И я на годы отрешился от всего, чтобы слово за словом сверять парижский и дамасский экземпляры моей рукописи, каждый из которых имел почти двести страниц текста; чтобы, читая и перечитывая строки и строки ради заполнения одной карточки, составить полный указатель географических и астрономических названий, авторов, упоминаемых арабским лоцманом, и их книг; чтобы неспешно переписать арабский текст и выправить русскую машинопись моего опуса… Текли недели и месяцы. Страница за страницей ложились в папку полной готовности. Светлею, вспоминая об этих трудных днях. О напряженности и озарениях.
29 июня 1963 года я работал дома, когда в дверь постучали: письмо из Верховного суда РСФСР. Прочитаю вечером: от «Книги польз» нельзя отрываться в неурочное время – нарушается цепь умозаключений.
Полночь. Порывисто вскрываю конверт. Реабилитация…

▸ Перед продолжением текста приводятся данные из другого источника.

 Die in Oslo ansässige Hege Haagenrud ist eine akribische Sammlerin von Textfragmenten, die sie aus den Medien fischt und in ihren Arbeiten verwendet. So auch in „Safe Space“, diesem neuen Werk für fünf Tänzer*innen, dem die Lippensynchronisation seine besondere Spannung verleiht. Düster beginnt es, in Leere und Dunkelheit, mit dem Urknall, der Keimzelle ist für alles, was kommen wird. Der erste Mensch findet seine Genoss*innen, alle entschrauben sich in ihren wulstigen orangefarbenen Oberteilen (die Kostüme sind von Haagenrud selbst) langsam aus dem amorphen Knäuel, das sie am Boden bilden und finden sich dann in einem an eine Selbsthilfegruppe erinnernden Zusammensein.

Да, это была полная и безоговорочная реабилитация, ответ на мое сто десятое заявление о пересмотре дела. Трудный путь, начавшийся сумрачным февральским днем 1938 года, окончился для меня в нежно-розовые часы наступившей летней белой ночи 1963-го. Он пролег через двадцать пять лет, четверть столетия. В горле перехватило, стало трудно дышать.
На новом перепутье
«Жуткое чувство испытывает тот, кому приходится заниматься историей науки в России: смелые начинания, глубокие мысли, редкие таланты, блестящие умы, даже кропотливый и упорный труд, все это встречаешь с избытком; и тут же приходится отмечать, как все это обрывается: длинные ряды «первых» томов, «первых» выпусков, которые никогда не имели преемников; широкие замыслы, застывшие как бы на полуслове, груды ненапечатанных, полузаконченных рукописей. Громадное кладбище неосуществленных начинаний, несбывшихся мечтаний. Всего два, в сущности, с небольшим века этой молодой русской науки, а как длинен ее мартиролог…» Так сказал академик С. Ф. Ольденбург в речи памяти В. П. Васильева 5 марта 1918 года[25]. Мне часто приходят на память эти слова.

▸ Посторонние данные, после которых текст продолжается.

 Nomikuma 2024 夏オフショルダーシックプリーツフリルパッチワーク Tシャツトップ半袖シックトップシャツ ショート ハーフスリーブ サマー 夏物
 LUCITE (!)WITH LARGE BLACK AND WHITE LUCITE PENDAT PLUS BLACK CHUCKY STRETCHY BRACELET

Когда я вернулся из лагерей в 1956 году, Ленинград еще поднимался из развалин. Научные потери были с трудом восполнимы: большинство лучших специалистов погибло в блокаду, в предвоенных и послевоенных чистках, некоторые – очень немногие – смогли эмигрировать. В. Ф. Минорский, который находился в Иране во время Октябрьской революции, не вернулся в Россию, а переехал в Великобританию, стал профессором Кембриджского университета. С. Г. Елисеев, сын известного фабриканта, был первым европейцем, закончившим императорский университет в Токио. Вскоре после Октябрьской революции он был взят ЧК в заложники за отца, но был освобожден и смог бежать на лодке через Финский залив в Финляндию, а оттуда перебрался в США. Елисеев по праву считается одним из основателей современной западной японистики: он создал институт по изучению Японии при Гарвардском университете, впоследствии стал профессором Сорбонны; был награжден орденом Почетного Легиона. Его коллега, не менее выдающийся японист Н. А. Невский, находился за рубежом во время революции и долгое время не возвращался, однако в конце концов поддался уговорам. Помню его выразительный голос, раздававшийся из соседней аудитории, когда я был еще студентом. В 1936 Н. А. Невский и его жена, видная японская писательница И. Мантани-Невская, которая переехала с ним в Россию, были расстреляны в один и тот же день. В 1962 г. работа Невского по тангутскому языку была посмертно удостоена Ленинской премии.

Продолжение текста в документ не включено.